<<<<

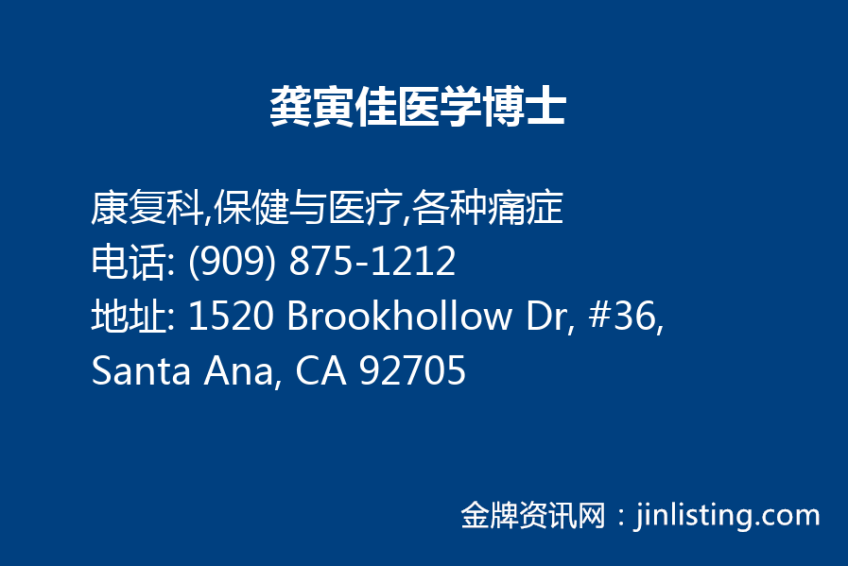 龔寅佳醫生是加利福尼亞(California)康復科和疼痛管理執照醫師,在上海同濟大學醫學院取得醫學學位。曾在VA大洛杉磯醫療系統洛杉磯完成住院醫訓練。龔寅佳醫生所在的醫療機構是AccCare Medical Group,龔寅佳醫生擅長於疼痛管理
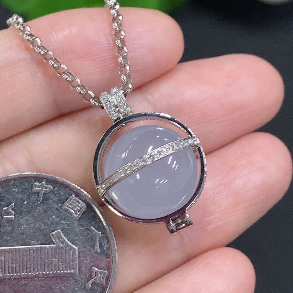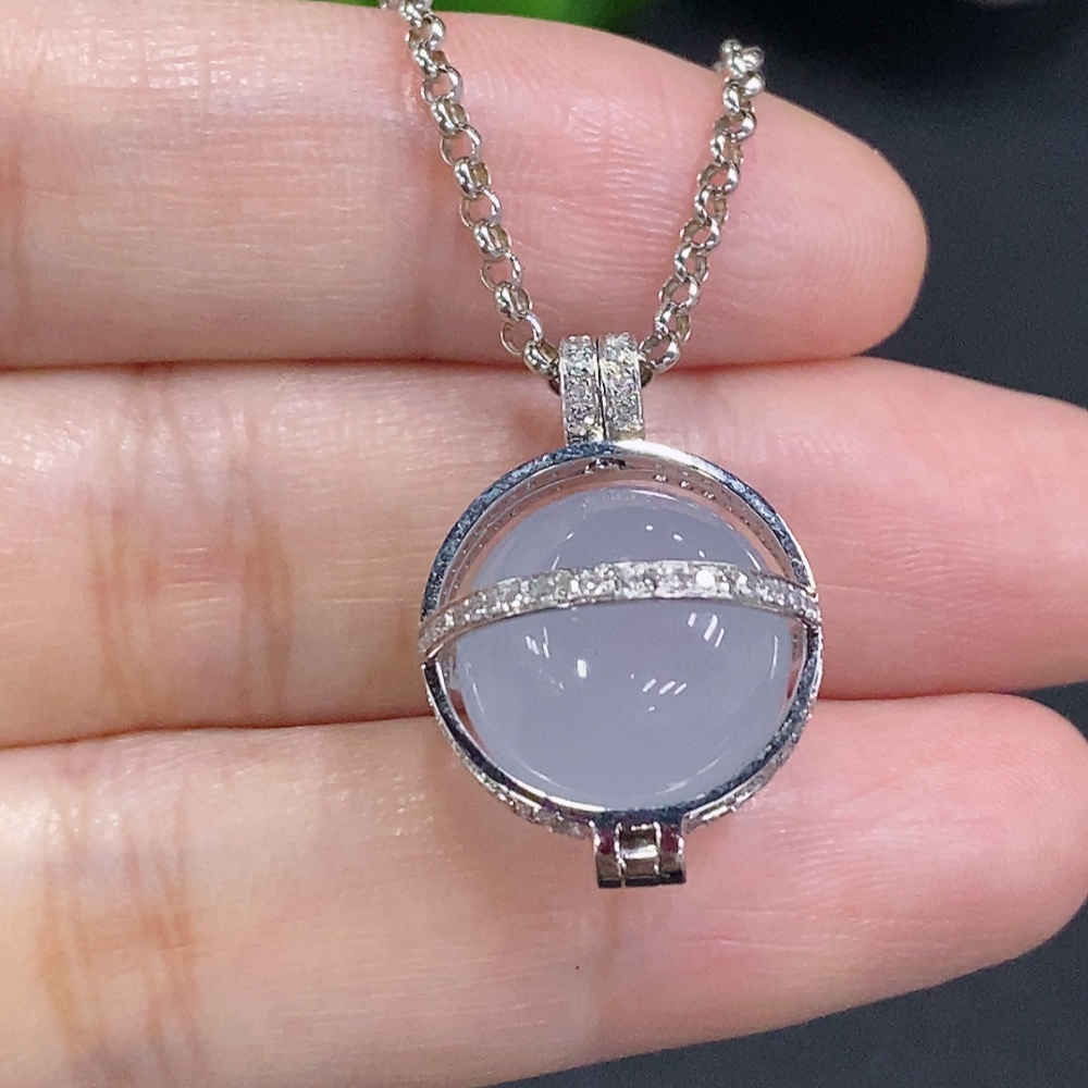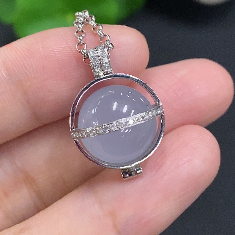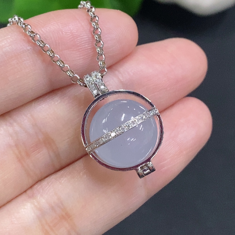 Jadeite Pendant with 18K Gold Setting, Total Weight Including Chain Approximately 10.4g
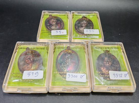 รก.แจกในพิธี เนื้อสัตตะ พิมพ์ห่มเฉียง 5 เหรียญ เลข No.35-๙-295-๙-519-๙-3300-๙-3312-๙ ซิลเดิมกล่องเดิมๆ

>>>>

> **Problem requirements**: Please print the material exactly as given above, omitting the pictures.

> **Written response**:
 龔寅佳醫生是加利福尼亞(California)康復科和疼痛管理執照醫師,在上海同濟大學醫學院取得醫學學位。曾在VA大洛杉磯醫療系統洛杉磯完成住院醫訓練。龔寅佳醫生所在的醫療機構是AccCare Medical Group,龔寅佳醫生擅長於疼痛管理
 Jadeite Pendant with 18K Gold Setting, Total Weight Including Chain Approximately 10.4g
 รก.แจกในพิธี เนื้อสัตตะ พิมพ์ห่มเฉียง 5 เหรียญ เลข No.35-๙-295-๙-519-๙-3300-๙-3312-๙ ซิลเดิมกล่องเดิมๆ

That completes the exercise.